I gave him two options — nuke it and pave it back to the original operating system, or do nothing and have him sort it out. He was unhappy with both options (he chose the latter). Because when it comes to beta software, you roll the dice, you take your chances. Beta operating system software, especially.

I don't think he had a backup, either, which was just beyond stupid. There is absolutely no excuse to jeopardize your data simply because you're interested in and anxious to install a public beta.

So I'm cognizant of the psychic pain that people who support Mac users feel about this. And there is some merit in reminding people about the risks they run by installing software like this (and giving them tips to avoid problems). After all, Apple's supposedly opened a million slots for the public beta — that's a lot of potential users to have to worry about.

But it hasn't gone to general release. And the million slots are people who are asking for the software and are, presumably, aware of the risks of installing a pre-release version of OS X. And even if they're not, they're pretty much on their own until it gets released, as far as really proactive support from Apple (and its duly appointed representatives) is concerned.

But here's the thing: In retrospect, Mavericks' rollout was sort of a mess last fall.
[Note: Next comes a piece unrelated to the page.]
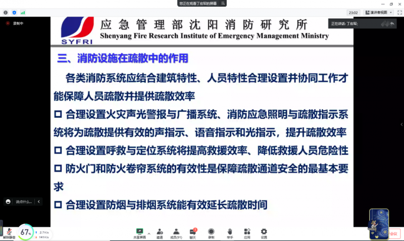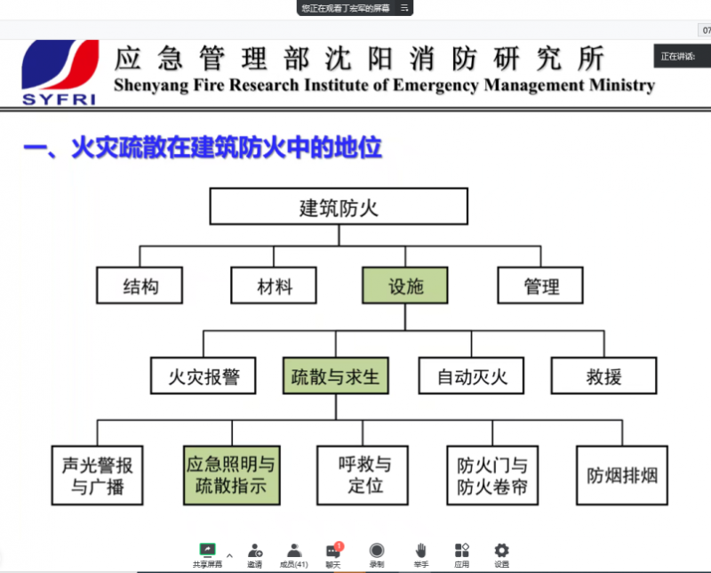 在專家分享環(huán)節(jié),應(yīng)急管理部沈陽消防研究所研究員、國家消防電子產(chǎn)品質(zhì)量監(jiān)督檢驗中心副主任丁宏軍,主要圍繞智能疏散系統(tǒng)(產(chǎn)品)多場景智能化應(yīng)用等內(nèi)容進(jìn)行講解。

It's taken until just recently — 10.9.4's release — for Mavericks to stabilize really well. And even so, Mavericks Mail is still brutal for many people who depend on Gmail and some other e-mail services, and things like SMB support for cross-platform file sharing isn't as ironed-out as we'd have hoped. There are other lingering issues that I presume Apple will get to in due course.

Mavericks didn't go through a public beta like Yosemite is. Maybe if it had, some of these issues would have been ironed out sooner. That's all I'm saying.